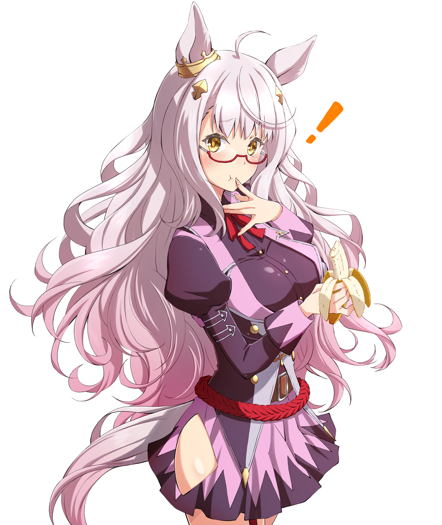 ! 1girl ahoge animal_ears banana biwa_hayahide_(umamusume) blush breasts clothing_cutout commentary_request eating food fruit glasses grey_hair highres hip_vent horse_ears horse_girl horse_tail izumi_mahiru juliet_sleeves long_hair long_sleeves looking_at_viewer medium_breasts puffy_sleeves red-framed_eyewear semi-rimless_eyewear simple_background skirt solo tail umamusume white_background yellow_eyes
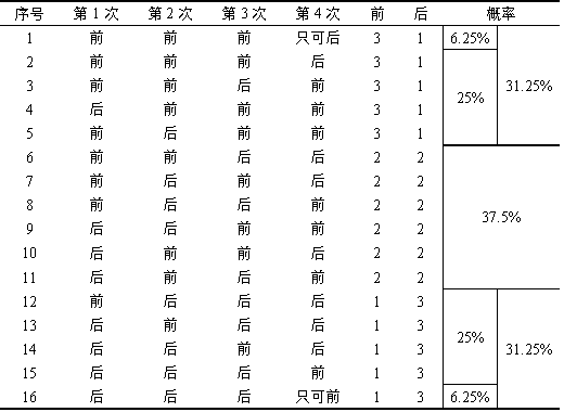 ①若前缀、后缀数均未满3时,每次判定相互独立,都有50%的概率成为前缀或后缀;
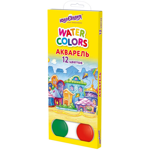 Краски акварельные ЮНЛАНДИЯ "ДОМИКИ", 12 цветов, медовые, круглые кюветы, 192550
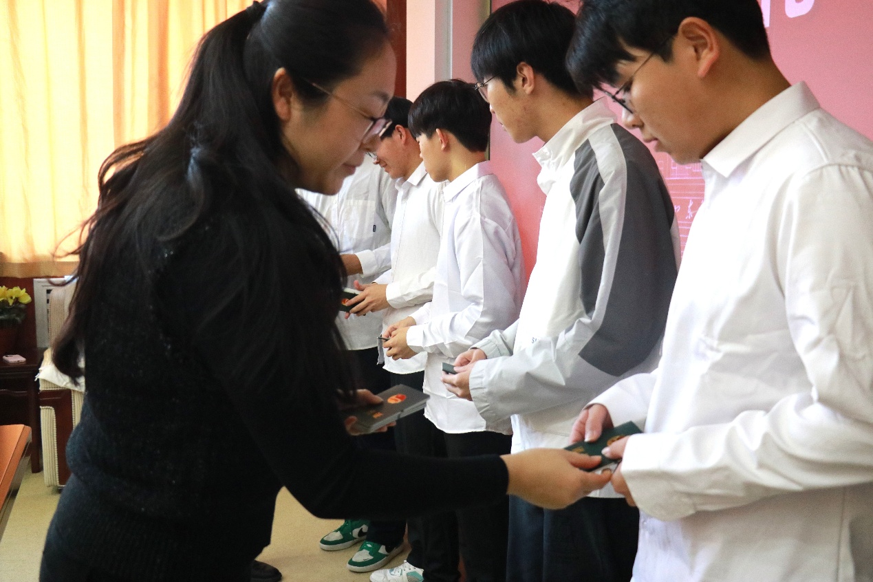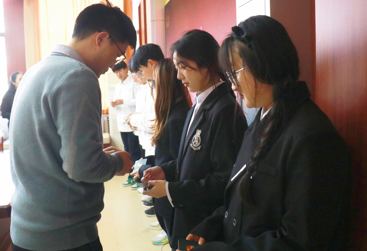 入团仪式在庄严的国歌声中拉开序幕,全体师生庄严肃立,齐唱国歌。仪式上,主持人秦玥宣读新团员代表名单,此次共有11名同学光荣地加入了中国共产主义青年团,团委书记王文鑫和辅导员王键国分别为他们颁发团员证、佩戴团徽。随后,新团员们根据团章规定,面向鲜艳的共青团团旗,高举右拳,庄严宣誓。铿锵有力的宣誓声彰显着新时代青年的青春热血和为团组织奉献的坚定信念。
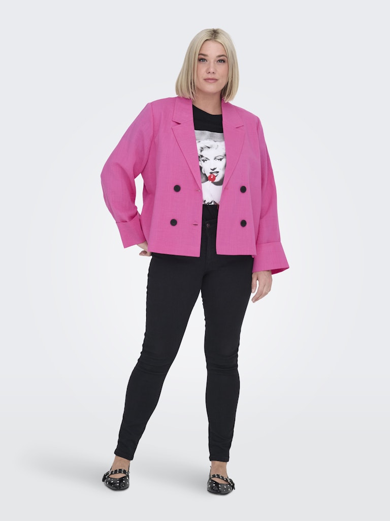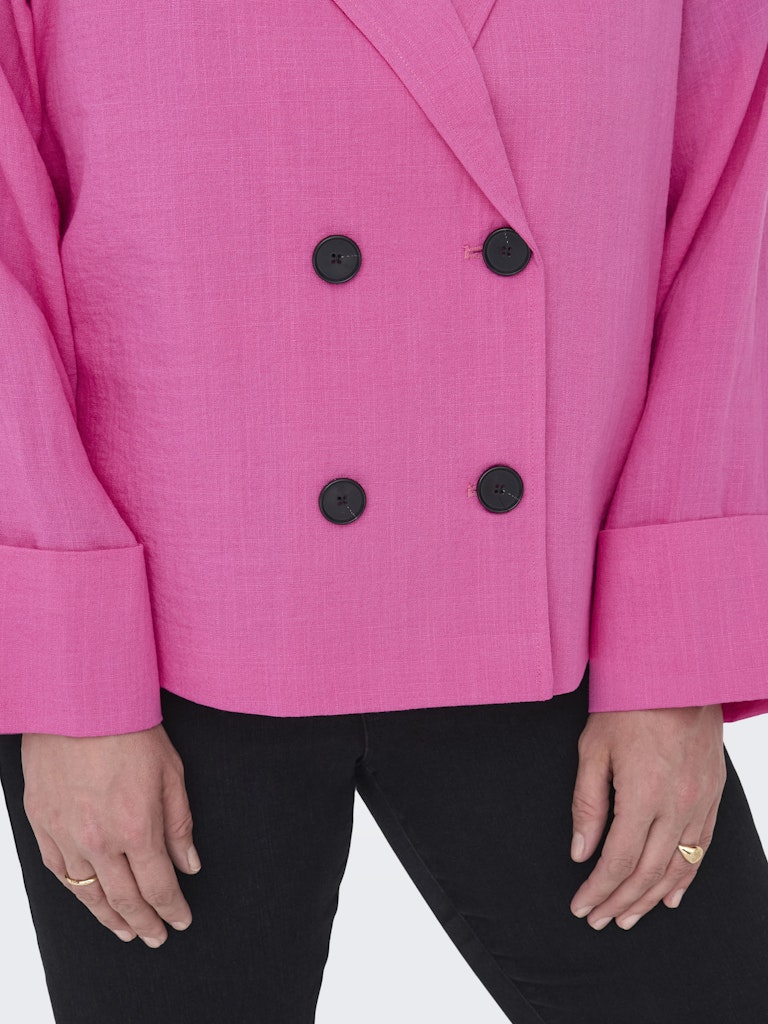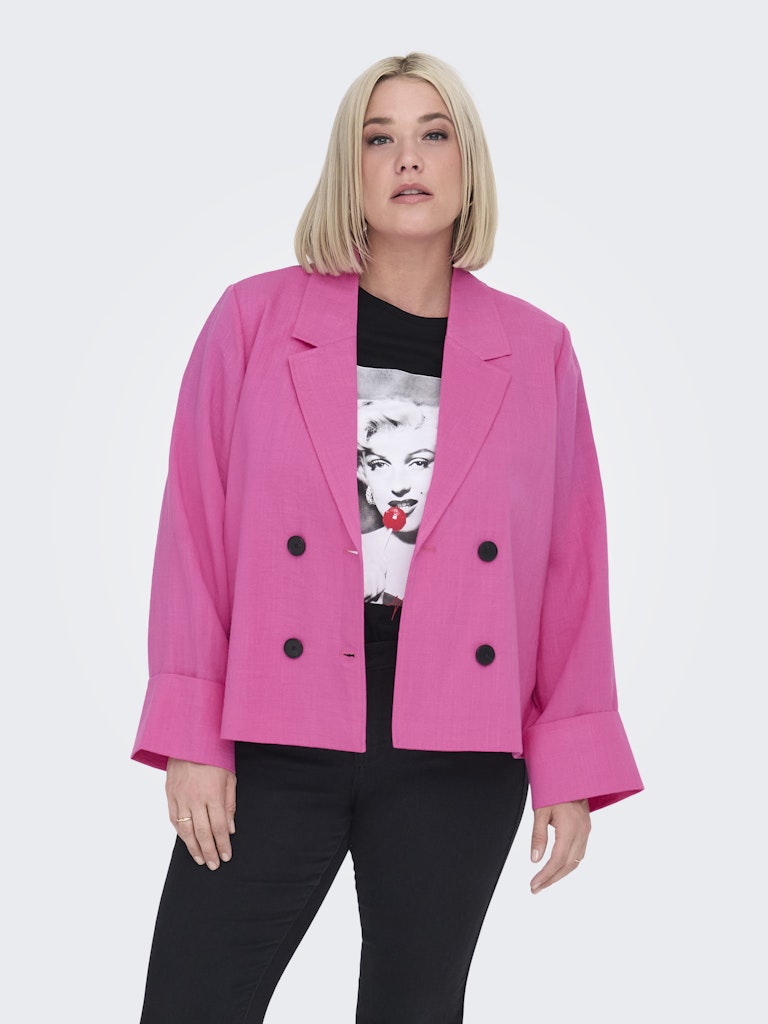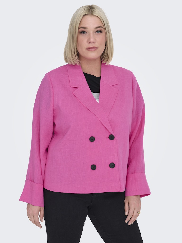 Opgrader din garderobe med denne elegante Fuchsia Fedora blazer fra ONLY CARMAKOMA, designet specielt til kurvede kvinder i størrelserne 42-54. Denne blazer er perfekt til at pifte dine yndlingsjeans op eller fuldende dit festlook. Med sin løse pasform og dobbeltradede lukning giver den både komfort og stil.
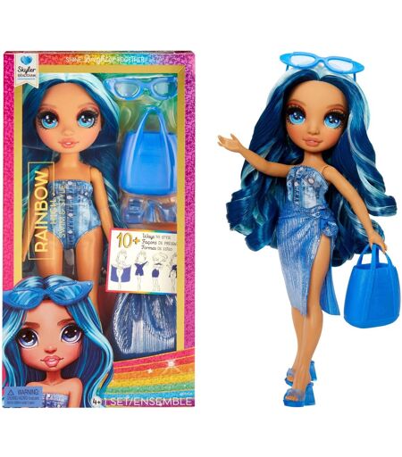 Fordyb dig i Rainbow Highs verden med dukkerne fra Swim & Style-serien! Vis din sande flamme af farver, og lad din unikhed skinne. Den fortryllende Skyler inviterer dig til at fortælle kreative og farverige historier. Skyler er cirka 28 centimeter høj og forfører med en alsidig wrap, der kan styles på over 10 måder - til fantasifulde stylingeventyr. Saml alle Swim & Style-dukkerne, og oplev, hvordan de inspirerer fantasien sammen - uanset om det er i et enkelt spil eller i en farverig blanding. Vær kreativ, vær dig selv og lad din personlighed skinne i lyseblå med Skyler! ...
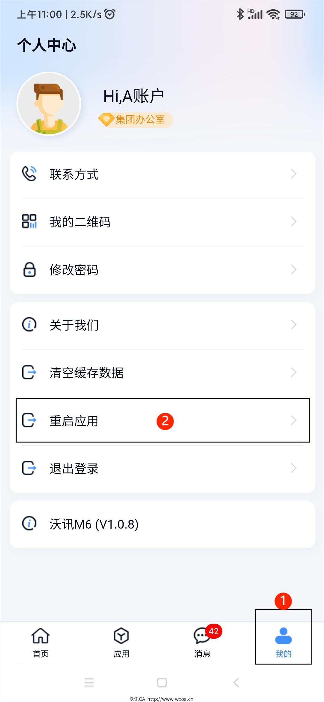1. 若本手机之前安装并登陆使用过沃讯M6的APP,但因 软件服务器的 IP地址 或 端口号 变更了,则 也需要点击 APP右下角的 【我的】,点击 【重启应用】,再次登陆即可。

[WHAT TO DO]:
The lines to be extracted begin at the line containing "入团仪式在庄严的国歌声中拉开" and continue through the final line of the material above, both ends included. Reproduce them exactly, without the pictures.

[RESPONSE AREA]:
 入团仪式在庄严的国歌声中拉开序幕,全体师生庄严肃立,齐唱国歌。仪式上,主持人秦玥宣读新团员代表名单,此次共有11名同学光荣地加入了中国共产主义青年团,团委书记王文鑫和辅导员王键国分别为他们颁发团员证、佩戴团徽。随后,新团员们根据团章规定,面向鲜艳的共青团团旗,高举右拳,庄严宣誓。铿锵有力的宣誓声彰显着新时代青年的青春热血和为团组织奉献的坚定信念。
 Opgrader din garderobe med denne elegante Fuchsia Fedora blazer fra ONLY CARMAKOMA, designet specielt til kurvede kvinder i størrelserne 42-54. Denne blazer er perfekt til at pifte dine yndlingsjeans op eller fuldende dit festlook. Med sin løse pasform og dobbeltradede lukning giver den både komfort og stil.
 Fordyb dig i Rainbow Highs verden med dukkerne fra Swim & Style-serien! Vis din sande flamme af farver, og lad din unikhed skinne. Den fortryllende Skyler inviterer dig til at fortælle kreative og farverige historier. Skyler er cirka 28 centimeter høj og forfører med en alsidig wrap, der kan styles på over 10 måder - til fantasifulde stylingeventyr. Saml alle Swim & Style-dukkerne, og oplev, hvordan de inspirerer fantasien sammen - uanset om det er i et enkelt spil eller i en farverig blanding. Vær kreativ, vær dig selv og lad din personlighed skinne i lyseblå med Skyler! ...
1. 若本手机之前安装并登陆使用过沃讯M6的APP,但因 软件服务器的 IP地址 或 端口号 变更了,则 也需要点击 APP右下角的 【我的】,点击 【重启应用】,再次登陆即可。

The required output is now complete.